EXERCISE OBJECTIVE – The entries below should be given again exactly, minus their pictures.

━━━ RECORDS TO PROCESS ━━━

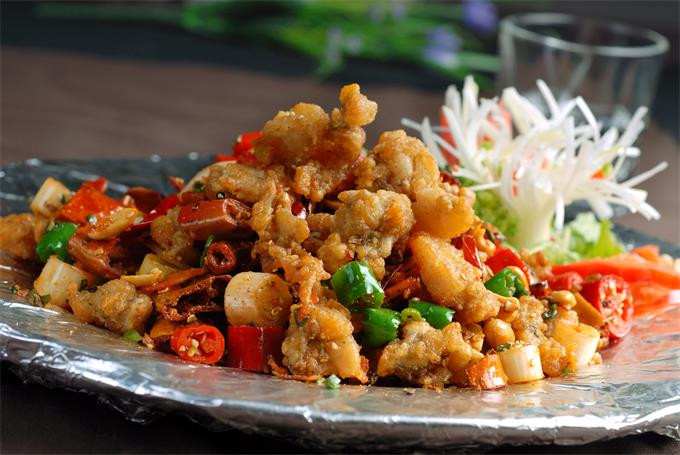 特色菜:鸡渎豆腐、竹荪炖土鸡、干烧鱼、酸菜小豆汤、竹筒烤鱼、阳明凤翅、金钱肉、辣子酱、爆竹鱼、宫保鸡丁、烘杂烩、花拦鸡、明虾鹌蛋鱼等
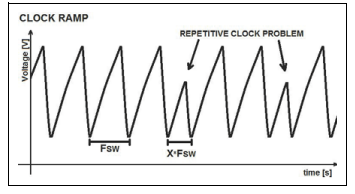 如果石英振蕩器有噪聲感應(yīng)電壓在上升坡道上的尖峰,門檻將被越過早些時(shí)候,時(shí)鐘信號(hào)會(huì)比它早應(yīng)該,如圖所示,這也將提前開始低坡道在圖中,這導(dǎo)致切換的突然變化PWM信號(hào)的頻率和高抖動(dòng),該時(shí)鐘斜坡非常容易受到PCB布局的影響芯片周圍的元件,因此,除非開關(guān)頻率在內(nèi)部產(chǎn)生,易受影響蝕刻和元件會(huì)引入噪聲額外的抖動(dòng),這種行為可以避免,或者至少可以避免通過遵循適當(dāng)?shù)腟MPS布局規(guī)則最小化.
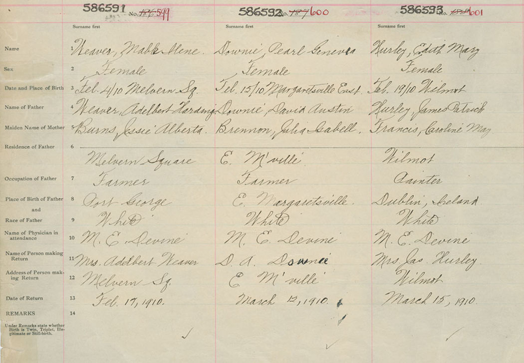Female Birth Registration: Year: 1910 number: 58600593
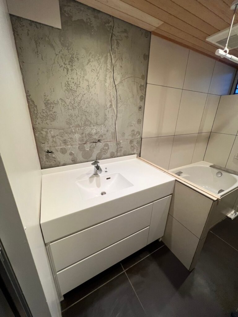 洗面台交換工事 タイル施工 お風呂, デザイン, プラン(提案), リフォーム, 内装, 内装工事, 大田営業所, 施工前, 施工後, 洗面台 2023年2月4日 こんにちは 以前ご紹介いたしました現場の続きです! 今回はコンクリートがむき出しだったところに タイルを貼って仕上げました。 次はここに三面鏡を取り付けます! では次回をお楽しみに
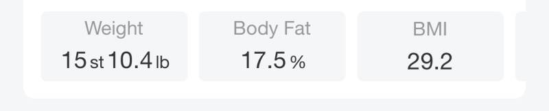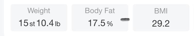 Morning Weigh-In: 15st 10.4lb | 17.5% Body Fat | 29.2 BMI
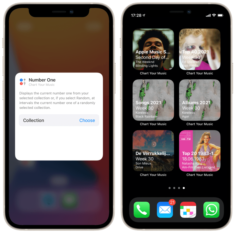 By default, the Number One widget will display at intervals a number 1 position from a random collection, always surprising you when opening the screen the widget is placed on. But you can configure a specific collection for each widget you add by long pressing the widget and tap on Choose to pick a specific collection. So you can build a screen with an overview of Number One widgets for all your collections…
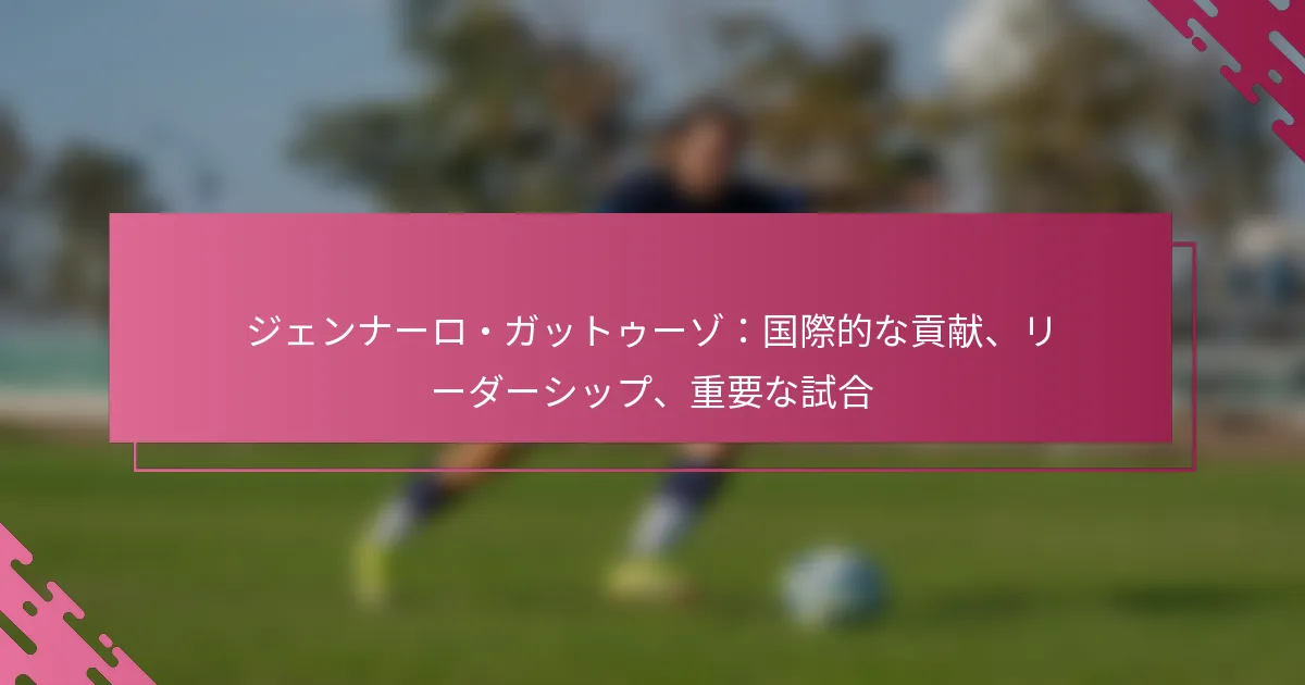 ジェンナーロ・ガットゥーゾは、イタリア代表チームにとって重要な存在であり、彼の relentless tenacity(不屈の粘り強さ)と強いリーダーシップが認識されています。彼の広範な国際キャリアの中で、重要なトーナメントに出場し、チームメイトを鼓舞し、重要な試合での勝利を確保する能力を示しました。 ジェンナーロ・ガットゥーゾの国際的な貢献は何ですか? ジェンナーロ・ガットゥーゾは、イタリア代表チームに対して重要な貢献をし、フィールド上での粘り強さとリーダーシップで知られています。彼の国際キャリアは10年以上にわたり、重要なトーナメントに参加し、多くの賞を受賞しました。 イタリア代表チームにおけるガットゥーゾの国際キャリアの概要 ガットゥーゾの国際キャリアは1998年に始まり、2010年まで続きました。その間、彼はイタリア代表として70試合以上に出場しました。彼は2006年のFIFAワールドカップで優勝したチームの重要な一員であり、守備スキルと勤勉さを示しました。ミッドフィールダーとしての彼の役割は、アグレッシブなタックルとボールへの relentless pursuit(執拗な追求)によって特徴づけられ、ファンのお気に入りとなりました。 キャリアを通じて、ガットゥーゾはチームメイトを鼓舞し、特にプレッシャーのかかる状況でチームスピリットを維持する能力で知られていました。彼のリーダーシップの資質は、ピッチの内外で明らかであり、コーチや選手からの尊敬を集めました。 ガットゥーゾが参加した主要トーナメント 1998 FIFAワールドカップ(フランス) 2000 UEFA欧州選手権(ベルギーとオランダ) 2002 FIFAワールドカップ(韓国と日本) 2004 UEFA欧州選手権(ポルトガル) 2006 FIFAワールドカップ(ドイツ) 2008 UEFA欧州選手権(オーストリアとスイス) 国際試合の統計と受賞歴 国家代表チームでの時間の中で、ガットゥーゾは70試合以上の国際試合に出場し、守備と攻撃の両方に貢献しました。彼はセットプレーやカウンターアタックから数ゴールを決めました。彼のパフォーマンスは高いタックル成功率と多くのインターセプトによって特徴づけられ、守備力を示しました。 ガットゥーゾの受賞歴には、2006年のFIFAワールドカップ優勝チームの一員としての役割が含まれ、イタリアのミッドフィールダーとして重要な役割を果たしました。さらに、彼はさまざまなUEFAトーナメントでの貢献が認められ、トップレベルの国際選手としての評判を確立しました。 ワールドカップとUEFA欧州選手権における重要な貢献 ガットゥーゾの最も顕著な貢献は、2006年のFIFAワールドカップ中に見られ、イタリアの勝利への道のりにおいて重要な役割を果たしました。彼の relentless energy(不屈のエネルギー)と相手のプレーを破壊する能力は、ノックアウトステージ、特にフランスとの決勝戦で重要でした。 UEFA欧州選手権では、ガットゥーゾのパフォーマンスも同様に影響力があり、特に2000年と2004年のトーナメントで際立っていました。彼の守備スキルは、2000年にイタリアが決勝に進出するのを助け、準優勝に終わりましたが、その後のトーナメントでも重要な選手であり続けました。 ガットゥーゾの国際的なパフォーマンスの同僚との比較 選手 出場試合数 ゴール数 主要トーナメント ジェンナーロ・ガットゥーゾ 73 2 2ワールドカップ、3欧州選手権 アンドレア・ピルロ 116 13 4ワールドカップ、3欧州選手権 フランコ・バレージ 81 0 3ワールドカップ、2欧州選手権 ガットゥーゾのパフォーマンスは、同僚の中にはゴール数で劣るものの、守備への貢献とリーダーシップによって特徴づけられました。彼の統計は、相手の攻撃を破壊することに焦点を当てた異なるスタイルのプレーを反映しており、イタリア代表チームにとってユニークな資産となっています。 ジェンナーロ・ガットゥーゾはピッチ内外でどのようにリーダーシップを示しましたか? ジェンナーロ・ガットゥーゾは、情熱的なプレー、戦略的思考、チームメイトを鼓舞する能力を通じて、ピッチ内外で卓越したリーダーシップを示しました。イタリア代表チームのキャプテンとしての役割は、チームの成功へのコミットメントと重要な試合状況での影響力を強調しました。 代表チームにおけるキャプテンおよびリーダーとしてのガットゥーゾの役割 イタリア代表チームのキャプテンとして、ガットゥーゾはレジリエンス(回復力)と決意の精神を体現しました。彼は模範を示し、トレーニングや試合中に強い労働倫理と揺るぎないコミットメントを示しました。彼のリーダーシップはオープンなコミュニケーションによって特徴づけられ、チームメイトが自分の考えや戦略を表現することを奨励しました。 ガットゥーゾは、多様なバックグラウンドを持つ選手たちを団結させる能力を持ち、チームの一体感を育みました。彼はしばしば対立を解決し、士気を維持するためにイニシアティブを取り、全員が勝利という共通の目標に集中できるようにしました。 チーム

━━━

RESPONSE AREA –
 特色菜:鸡渎豆腐、竹荪炖土鸡、干烧鱼、酸菜小豆汤、竹筒烤鱼、阳明凤翅、金钱肉、辣子酱、爆竹鱼、宫保鸡丁、烘杂烩、花拦鸡、明虾鹌蛋鱼等
 如果石英振蕩器有噪聲感應(yīng)電壓在上升坡道上的尖峰,門檻將被越過早些時(shí)候,時(shí)鐘信號(hào)會(huì)比它早應(yīng)該,如圖所示,這也將提前開始低坡道在圖中,這導(dǎo)致切換的突然變化PWM信號(hào)的頻率和高抖動(dòng),該時(shí)鐘斜坡非常容易受到PCB布局的影響芯片周圍的元件,因此,除非開關(guān)頻率在內(nèi)部產(chǎn)生,易受影響蝕刻和元件會(huì)引入噪聲額外的抖動(dòng),這種行為可以避免,或者至少可以避免通過遵循適當(dāng)?shù)腟MPS布局規(guī)則最小化.
Female Birth Registration: Year: 1910 number: 58600593
 洗面台交換工事 タイル施工 お風呂, デザイン, プラン(提案), リフォーム, 内装, 内装工事, 大田営業所, 施工前, 施工後, 洗面台 2023年2月4日 こんにちは 以前ご紹介いたしました現場の続きです! 今回はコンクリートがむき出しだったところに タイルを貼って仕上げました。 次はここに三面鏡を取り付けます! では次回をお楽しみに
 Morning Weigh-In: 15st 10.4lb | 17.5% Body Fat | 29.2 BMI
 By default, the Number One widget will display at intervals a number 1 position from a random collection, always surprising you when opening the screen the widget is placed on. But you can configure a specific collection for each widget you add by long pressing the widget and tap on Choose to pick a specific collection. So you can build a screen with an overview of Number One widgets for all your collections…
 ジェンナーロ・ガットゥーゾは、イタリア代表チームにとって重要な存在であり、彼の relentless tenacity(不屈の粘り強さ)と強いリーダーシップが認識されています。彼の広範な国際キャリアの中で、重要なトーナメントに出場し、チームメイトを鼓舞し、重要な試合での勝利を確保する能力を示しました。 ジェンナーロ・ガットゥーゾの国際的な貢献は何ですか? ジェンナーロ・ガットゥーゾは、イタリア代表チームに対して重要な貢献をし、フィールド上での粘り強さとリーダーシップで知られています。彼の国際キャリアは10年以上にわたり、重要なトーナメントに参加し、多くの賞を受賞しました。 イタリア代表チームにおけるガットゥーゾの国際キャリアの概要 ガットゥーゾの国際キャリアは1998年に始まり、2010年まで続きました。その間、彼はイタリア代表として70試合以上に出場しました。彼は2006年のFIFAワールドカップで優勝したチームの重要な一員であり、守備スキルと勤勉さを示しました。ミッドフィールダーとしての彼の役割は、アグレッシブなタックルとボールへの relentless pursuit(執拗な追求)によって特徴づけられ、ファンのお気に入りとなりました。 キャリアを通じて、ガットゥーゾはチームメイトを鼓舞し、特にプレッシャーのかかる状況でチームスピリットを維持する能力で知られていました。彼のリーダーシップの資質は、ピッチの内外で明らかであり、コーチや選手からの尊敬を集めました。 ガットゥーゾが参加した主要トーナメント 1998 FIFAワールドカップ(フランス) 2000 UEFA欧州選手権(ベルギーとオランダ) 2002 FIFAワールドカップ(韓国と日本) 2004 UEFA欧州選手権(ポルトガル) 2006 FIFAワールドカップ(ドイツ) 2008 UEFA欧州選手権(オーストリアとスイス) 国際試合の統計と受賞歴 国家代表チームでの時間の中で、ガットゥーゾは70試合以上の国際試合に出場し、守備と攻撃の両方に貢献しました。彼はセットプレーやカウンターアタックから数ゴールを決めました。彼のパフォーマンスは高いタックル成功率と多くのインターセプトによって特徴づけられ、守備力を示しました。 ガットゥーゾの受賞歴には、2006年のFIFAワールドカップ優勝チームの一員としての役割が含まれ、イタリアのミッドフィールダーとして重要な役割を果たしました。さらに、彼はさまざまなUEFAトーナメントでの貢献が認められ、トップレベルの国際選手としての評判を確立しました。 ワールドカップとUEFA欧州選手権における重要な貢献 ガットゥーゾの最も顕著な貢献は、2006年のFIFAワールドカップ中に見られ、イタリアの勝利への道のりにおいて重要な役割を果たしました。彼の relentless energy(不屈のエネルギー)と相手のプレーを破壊する能力は、ノックアウトステージ、特にフランスとの決勝戦で重要でした。 UEFA欧州選手権では、ガットゥーゾのパフォーマンスも同様に影響力があり、特に2000年と2004年のトーナメントで際立っていました。彼の守備スキルは、2000年にイタリアが決勝に進出するのを助け、準優勝に終わりましたが、その後のトーナメントでも重要な選手であり続けました。 ガットゥーゾの国際的なパフォーマンスの同僚との比較 選手 出場試合数 ゴール数 主要トーナメント ジェンナーロ・ガットゥーゾ 73 2 2ワールドカップ、3欧州選手権 アンドレア・ピルロ 116 13 4ワールドカップ、3欧州選手権 フランコ・バレージ 81 0 3ワールドカップ、2欧州選手権 ガットゥーゾのパフォーマンスは、同僚の中にはゴール数で劣るものの、守備への貢献とリーダーシップによって特徴づけられました。彼の統計は、相手の攻撃を破壊することに焦点を当てた異なるスタイルのプレーを反映しており、イタリア代表チームにとってユニークな資産となっています。 ジェンナーロ・ガットゥーゾはピッチ内外でどのようにリーダーシップを示しましたか? ジェンナーロ・ガットゥーゾは、情熱的なプレー、戦略的思考、チームメイトを鼓舞する能力を通じて、ピッチ内外で卓越したリーダーシップを示しました。イタリア代表チームのキャプテンとしての役割は、チームの成功へのコミットメントと重要な試合状況での影響力を強調しました。 代表チームにおけるキャプテンおよびリーダーとしてのガットゥーゾの役割 イタリア代表チームのキャプテンとして、ガットゥーゾはレジリエンス(回復力)と決意の精神を体現しました。彼は模範を示し、トレーニングや試合中に強い労働倫理と揺るぎないコミットメントを示しました。彼のリーダーシップはオープンなコミュニケーションによって特徴づけられ、チームメイトが自分の考えや戦略を表現することを奨励しました。 ガットゥーゾは、多様なバックグラウンドを持つ選手たちを団結させる能力を持ち、チームの一体感を育みました。彼はしばしば対立を解決し、士気を維持するためにイニシアティブを取り、全員が勝利という共通の目標に集中できるようにしました。 チーム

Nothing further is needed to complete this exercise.